23 Jul 2007

Mikhail Gorbachev

We have just finished the Chapter of the Fall of the Communist Empire in History. Then I gradually came to understand the former leader of the Soviet Union, Mikhail Gorbachev.

It's really hard to give a comprehensive judgment of this man. In my view he is a hero, who had the heart and ambition, but eventually failed.

He was quite farseeing, as in he could see what was needed to really improve the developments of the Soviet Union. However, at the same time, he was not wise enough. Maybe he hadn't expected that he might fail one day. Or I would rather believe that he had thought of his failure, but was still determined to take a go on his political career, or more accurately, on the destiny of his nation.
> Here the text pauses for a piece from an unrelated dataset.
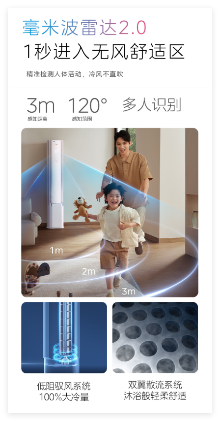 美的无风感空调·云朵系列柜机则更是升级了AI无风感,通过AI技术的加持,可以实现主动防冷风,引领舒适空调进入“主动思考”的时代。其内置毫米波雷达2.0系统,可精准监测空调前方3米120°区域内的人体活动,一旦感应到目标,空调便会主动开启左、右无风感或全无风感模式,因人而异提供差异化送风方案。冷风主动避让,孕妈、宝妈、小孩、老人都能放心呆在空调房。值得一提的是,美的无风感空调·云朵系列柜机还搭载了双风道环流系统,左右双风口可同时分配冷量,清爽无盲区,仅需3分钟凉意就能覆盖整个客餐厅,如在高速上行驶般快速。更有独立自研的15维精准控风系统,用户可根据实际需求自由组合成125种风感组合,营造出“一个空间,两个世界”的奇妙体验。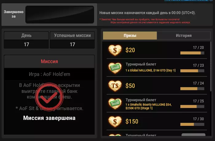 -Кстати пока ивент идет хорошо (доделаю до 25/30 и всё, ибо дальше там будет задание выиграть турнир, даже если я потрачу весь день, не факт что смогу, ICM нулевой, по омахе турниров не так много, а холдем играть не хочется, мешать 2 и 4 карты такое себе, всё бы ничего, но вот именно эта миссия почти гарантированно заруинит мне 30/30) Ну в любом случае даже за 25/30 бонусы очень не плохие, хоть там и турнирные 50$ я их попробую конвертировать как хоть немного наберусь опыта в омахе и полезу по фану микротурики поиграю пока все турнирные не переведу, быть может даже удастся что-нибудь затащить

When the collapse of the Soviet Union and the communism seemed inevitable, Gorbachev still endeavored to find a solution. He refused to give his country or his people up. His policies were brilliantly, but not applicable to the Soviet Union of that period, and thus, in a way, sped up the fall of the Communist Empire.

It all seemed ridiculously, when I read about the fact that the communist hard-liners thought Gorbachev's actions were all anti-communism. Didn't any one of them have sense? Couldn't they foresee what would happen to the USSR if no informs were introduced? And the people, why were they all so shortsighted? Was it true that no one in the Soviet Union could understand his pure diligence?

However, I knew clearly that all my accusations were just biased. No one was to be blamed. That is history. You have no stand to give judgments about anything, if you have never experienced the event yourself. In most occasions you can't even differentiate the right and wrong, because that is called history, such a complex subject that you can never know the exact solution which you can expect to get in science. Maybe this is the charm of literature.

Gorbachev, if I am to say, is a hero, who has born in a wrong age.